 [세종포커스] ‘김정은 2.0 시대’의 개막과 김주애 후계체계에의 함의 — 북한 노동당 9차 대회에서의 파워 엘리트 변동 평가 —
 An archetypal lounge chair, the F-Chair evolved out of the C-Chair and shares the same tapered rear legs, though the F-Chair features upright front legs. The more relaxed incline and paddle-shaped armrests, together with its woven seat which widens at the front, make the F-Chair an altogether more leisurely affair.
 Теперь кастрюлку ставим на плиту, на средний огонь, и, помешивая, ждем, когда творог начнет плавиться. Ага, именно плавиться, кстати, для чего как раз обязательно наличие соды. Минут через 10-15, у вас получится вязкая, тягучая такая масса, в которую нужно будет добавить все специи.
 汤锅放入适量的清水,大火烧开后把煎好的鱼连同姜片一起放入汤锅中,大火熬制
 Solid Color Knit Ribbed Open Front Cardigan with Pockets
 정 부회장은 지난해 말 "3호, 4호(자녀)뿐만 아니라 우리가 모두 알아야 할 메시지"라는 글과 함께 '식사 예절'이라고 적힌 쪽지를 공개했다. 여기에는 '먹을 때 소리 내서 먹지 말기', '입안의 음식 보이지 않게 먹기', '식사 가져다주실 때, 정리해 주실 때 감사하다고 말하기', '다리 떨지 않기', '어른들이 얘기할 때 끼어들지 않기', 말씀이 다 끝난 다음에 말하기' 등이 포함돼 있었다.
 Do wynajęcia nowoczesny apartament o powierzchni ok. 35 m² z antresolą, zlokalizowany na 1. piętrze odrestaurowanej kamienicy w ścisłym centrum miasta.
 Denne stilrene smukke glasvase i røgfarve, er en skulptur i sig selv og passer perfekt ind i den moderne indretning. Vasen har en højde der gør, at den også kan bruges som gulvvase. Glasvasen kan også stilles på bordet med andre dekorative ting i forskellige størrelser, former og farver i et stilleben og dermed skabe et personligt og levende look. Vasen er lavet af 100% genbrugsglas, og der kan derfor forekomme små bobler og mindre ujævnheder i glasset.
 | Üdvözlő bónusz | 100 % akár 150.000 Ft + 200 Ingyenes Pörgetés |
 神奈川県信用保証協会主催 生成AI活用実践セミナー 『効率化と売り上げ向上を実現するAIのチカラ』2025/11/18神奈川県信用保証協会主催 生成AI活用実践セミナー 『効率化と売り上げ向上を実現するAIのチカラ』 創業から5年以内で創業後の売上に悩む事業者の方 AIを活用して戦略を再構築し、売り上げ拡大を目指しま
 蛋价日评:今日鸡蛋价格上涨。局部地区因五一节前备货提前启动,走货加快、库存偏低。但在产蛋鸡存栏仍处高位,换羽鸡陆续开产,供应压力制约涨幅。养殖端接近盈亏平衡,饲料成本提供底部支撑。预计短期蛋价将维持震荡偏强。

==

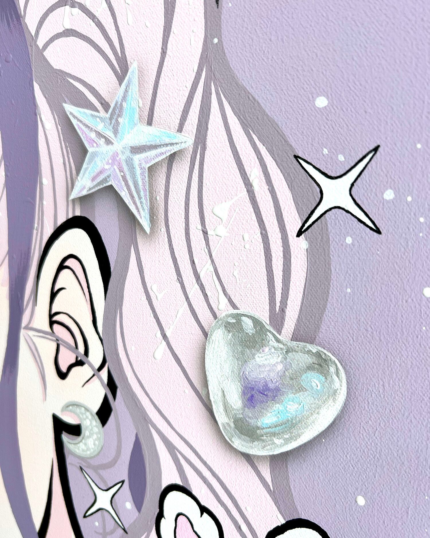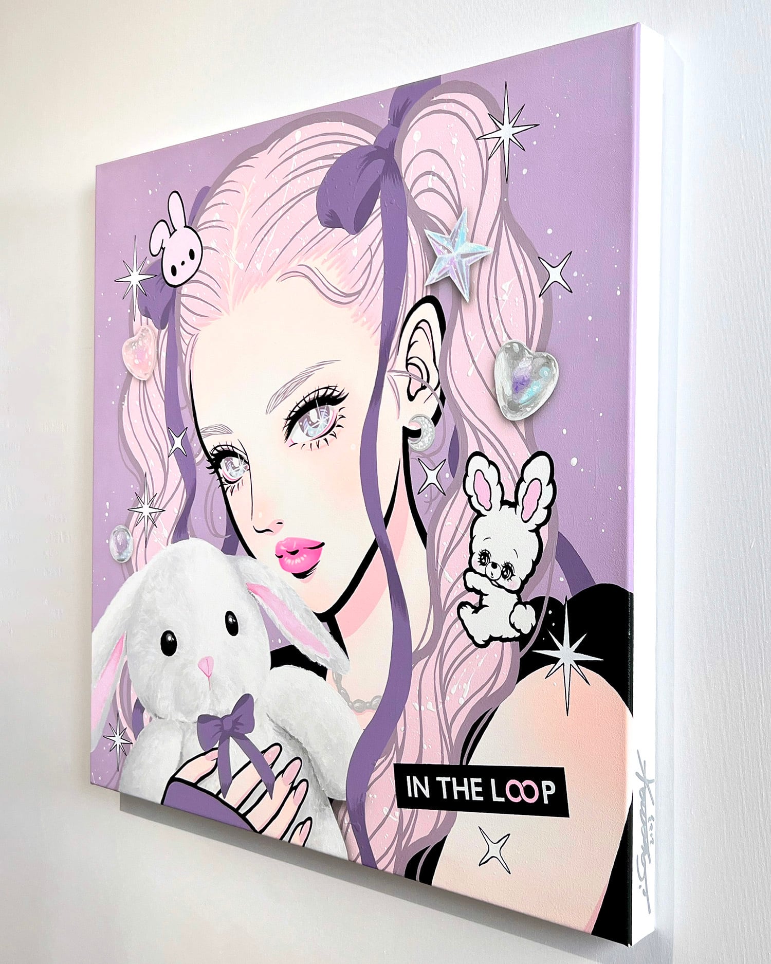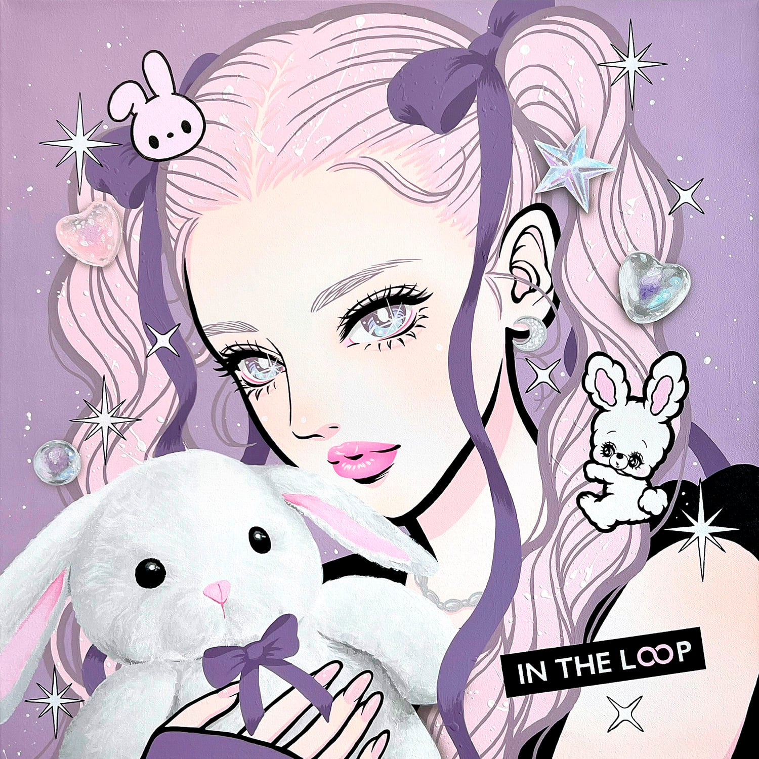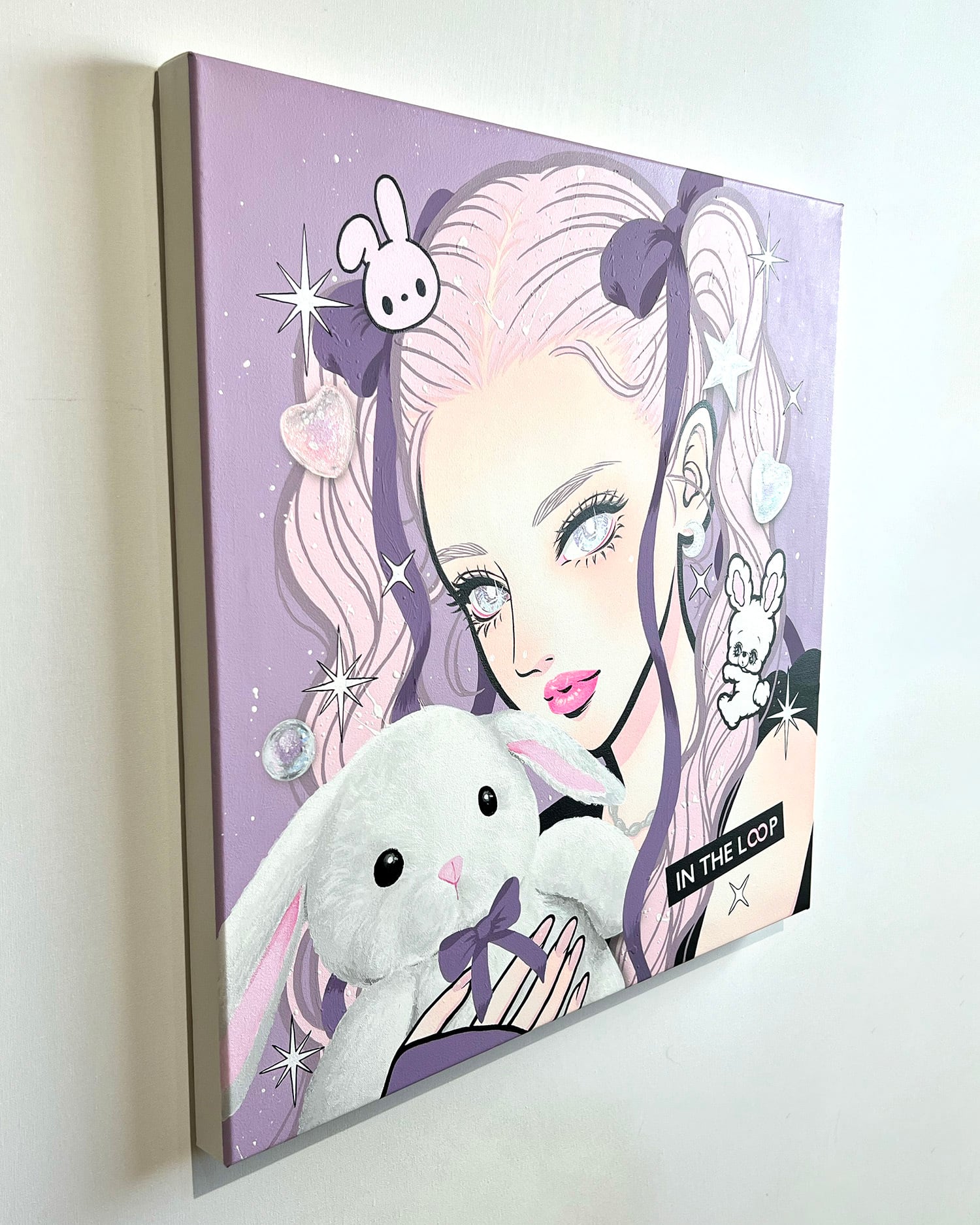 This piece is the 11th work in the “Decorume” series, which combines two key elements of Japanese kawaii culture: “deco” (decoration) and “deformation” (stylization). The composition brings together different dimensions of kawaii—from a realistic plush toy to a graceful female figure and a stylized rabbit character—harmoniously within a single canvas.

# [THE TASK]
Word for word, restate the lines of the data above that fall between the line holding "[세종포커스] ‘김정은 2.0" and the line holding "An archetypal lounge", inclusive, and no other lines.

# [TASK SOLUTION]
 [세종포커스] ‘김정은 2.0 시대’의 개막과 김주애 후계체계에의 함의 — 북한 노동당 9차 대회에서의 파워 엘리트 변동 평가 —
 An archetypal lounge chair, the F-Chair evolved out of the C-Chair and shares the same tapered rear legs, though the F-Chair features upright front legs. The more relaxed incline and paddle-shaped armrests, together with its woven seat which widens at the front, make the F-Chair an altogether more leisurely affair.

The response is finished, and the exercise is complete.